Although much has been said about Solomon’s mission, there is still skepticism with it. A source who attended the Aurora Games says that its marketing appeared localized to the Greater Albany area. If it wants to be anywhere as impactful as the FIFA World Cup – which every four years attracts fans worldwide – this source says it needs to appeal to everyone – not just the locals.

READ MORE: Women In Sports Roundtable: Big Sky Athletic Directors

After learning about the Aurora Games through a peer, the source said, they loved it for what it stood for. To them, it provided extensive coverage to female athletes who normally don’t receive their due, and be a catalyst for changing this disproportion.

To achieve this, the source believes that the event’s content should focus deeply on the athletes. One push that the WNBA has made recently is telling the story of its players and how they achieved their dreams – like 2019 All-Star Game MVP Erica Wheeler. Although the Aurora Games produced memorable moments – with four plays from the event making ESPNW’s weekly top 10 list – it needs to capitalize on them through social media. Otherwise, the source thinks that it runs the risk of being unoriginal.

Journalist Erica Ayala had similar thoughts regarding the Aurora Games’ shortcomings. As a writer for The Athletic, Ayala attended the event as a media member, with the fact that something of this magnitude was happening in women’s sports sparking her interest.

However, once she arrived at the Times Union Center, that enthusiasm melted into worry.

READ MORE: Tennis’s Next Big Star? Call Her Coco

At the Aurora Games, Ayala noted the venue’s poor conditions – despite the $25 million renovation project. When covering the women’s basketball event, she noticed condensation around the court – creating unusually difficult conditions for both players and the media. Instead of a seamless transition from hardwood to ice for basketball and ice hockey/skating events, she felt it was unnecessarily challenging – and affected their preparation.

Similar to others at the event, Ayala felt a disconnect between spectators and the general public. Her impression was that only select media and people knew about the Aurora Games. With poor marketing outreach and underwhelming facility conditions, she believes that what could’ve been a banner moment for women’s sports instead brought more questions than proclamations.

“[The media members] knew that there was this thing called the Aurora Games, but it was a little bit difficult,” said Ayala. “You had to do your due diligence to find out what the Aurora Games was. I think that there was a missed opportunity to have the athletes truly be prepared to be ambassadors for the [Aurora] Games and use their social media and different outlets and word of mouth that way to promote the game.”

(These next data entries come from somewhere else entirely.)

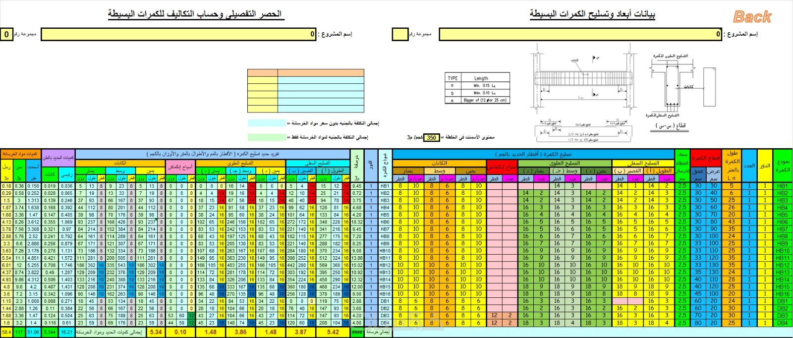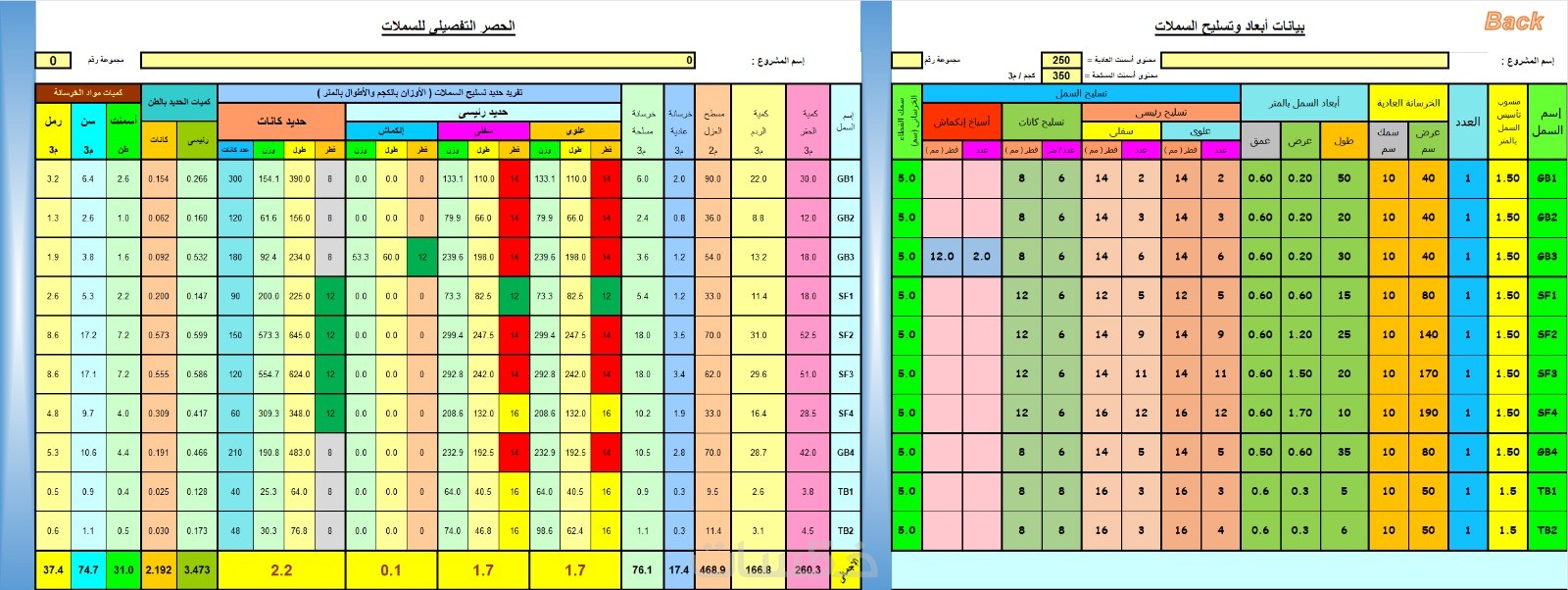 حساب وحصر كميات المواد الإنشائية والمعمارية للمشاريع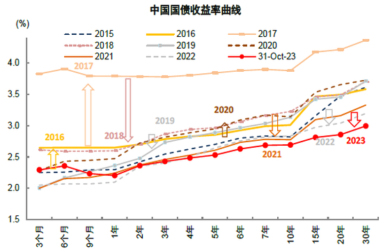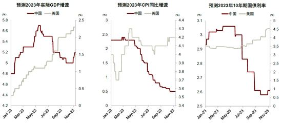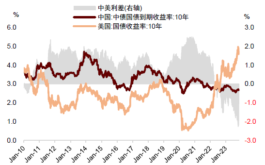 国内宏观流动性有望继续宽松,海外流动性或迎拐点。2023年初至今,十年期国债利率自年初2.9%左右的高位震荡下行至2.65%(截至11月9日),在美联储紧缩和中美利差影响下,相比于我国经济面临的压力,货币政策宽松力度受到一定掣肘。展望2024年,我们认为经济内生增长动能有待进一步改善背景下,货币政策仍有望保持宽松,或推动无风险利率进一步下行。海外方面,2024年美国货币政策方向可能迎来拐点,中美利差对国内货币政策掣肘有望减轻。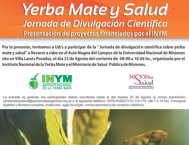 La Jornada de Divulgación Científica "Yerba Mate y Salud" organizada por el Instituto Nacional de la Yerba Mate (INYM), se llevará a cabo en el Aula Magna de la Facultad de Ciencias Económicas – Campus Universitario – UNaM- Posadas, Misiones, el día 23 de Agosto del 2013.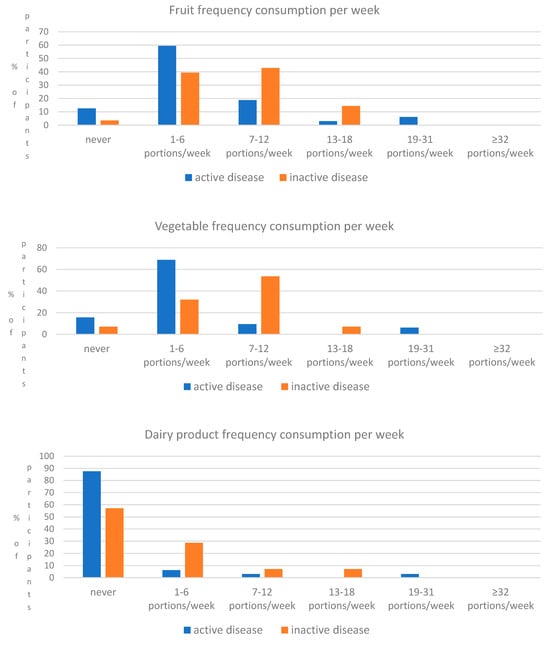 | Dairy products | ≤10 portions/week 11–15 portions/week 16–20 portions/week 21–28 portions/week 29–30 portions/week >30 portions/week | 28 (87.5%) 2 (6.2%) 1 (3.1%) 0 (0%) 1 (3.1%) 0 (0%) | 16 (57.1%) 8 (28.6%) 2 (7.1%) 2 (7.1%) 0 (0%) 0 (0%) | 0.041 |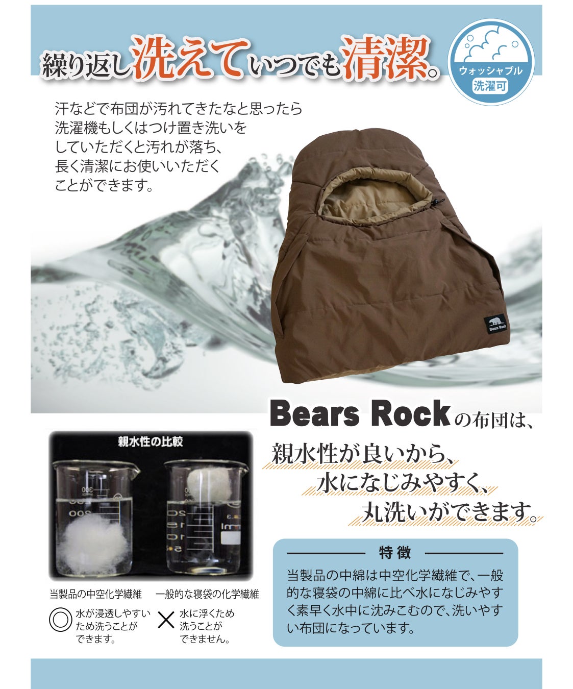 水になじみやすいので、寝袋を丸洗いしやすい仕様になっています。また、乾きやすいので、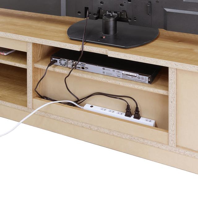 背面には電源タップの収納部があり、デッキ収納部からも扉付き収納部からも配線をすっきりとまとめることができるので、掃除もしやすく見た目も綺麗です。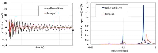 In nondestructive inspection using vibration [57,58,59,60,61,62], the measured acceleration and displacement spectrum are analyzed to check the deterioration of the utility poles following the flow shown in Figure 5. If there is damage, the difference in vibration frequency and decay, which are obtained as vibration characteristics like those shown in Figure 7, can confirm the presence or absence of damage on the utility pole.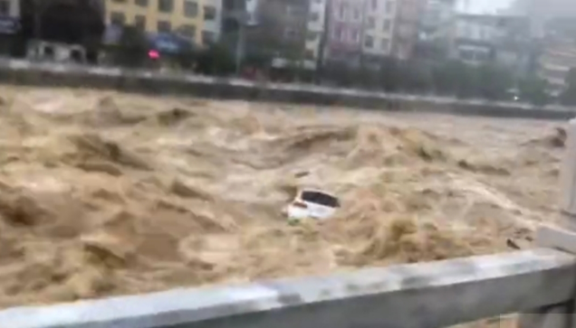 报料内容:受暴雨影响,截止到7月26日,恩施市建始县城区河水上涨,水流速度非常快,路上的汽车都被洪水冲走了,情况十分危险。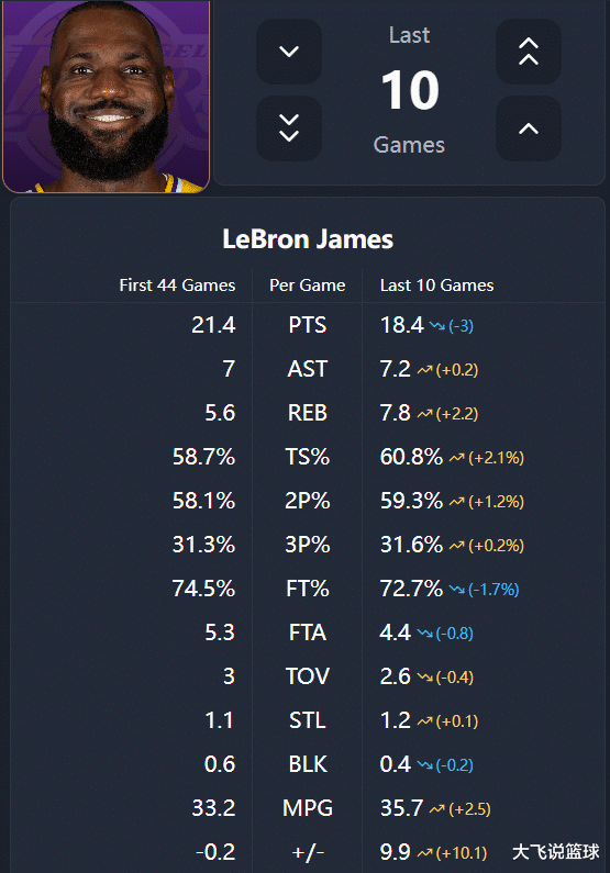 数据不会说谎,在詹姆斯伤愈复出的这10场比赛中,湖东说念主获取了9胜1负的战绩,阵容如虹。而老詹亦然找到了一个很好的均衡点,麻将胡了游戏下载当东契奇和里夫斯在场且状况火热时,他退居幕后、干好三住持的活,而当球队需要他站出来时,黝黑麇集力量的他就会挺身而出、责无旁贷。这10场球,老詹场均孝敬18.4分7.8篮板7.2助攻1.2抢断,乍一看场均得分有所下滑,但胜在愈加全面,和赛季的前44场球比较,场均得分确乎下落了3分,但射中率高潮了1.2个百分点,真实射中率升迁2.1%,场均助攻上升0.2,场均篮板上升2.2个,个东说念主正负值则是从-0.2飙升至9.9。一句话概述即是,詹姆斯打得愈加高效也愈加合理了,昭彰他很相宜新的定位、新的脚色。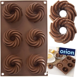 Práctico molde de silicona para hornear con capacidad para 6 piezas que te permite crear fácilmente mini bundts de 7 cm de diámetro. Gracias al material flexible, desmoldar los pasteles es sencillo y sin que se peguen. El molde es antiadherente, resistente a temperaturas de -40 °C a +220 °C y apto para horno, microondas y congelador. También se puede lavar en lavavajillas, por lo que su mantenimiento es muy sencillo.

Solomon recognized that the first edition of the Aurora Games was not perfect, but believes that its launch is a step in the right direction for women’s sports.

“Is there room for improvement? Of course,” said Solomon. “I think that the athletes recognize that this was an event that was put together with the athletes in mind first, second and third. I think we delivered on that – in a fairly strong way.”

“The biggest takeaway is that we saw multiple generations of female athletes all coming together from all over the world, in one location, to celebrate the prowess and the entertainment value and the celebrity of the athletes and the power and finesse of their athletic achievements,” said Solomon. “We’ve brought a lot of focus to that. That’s got to be a positive in the overall scheme of things – and certainly lay the groundwork for doing a lot more of that in the future.”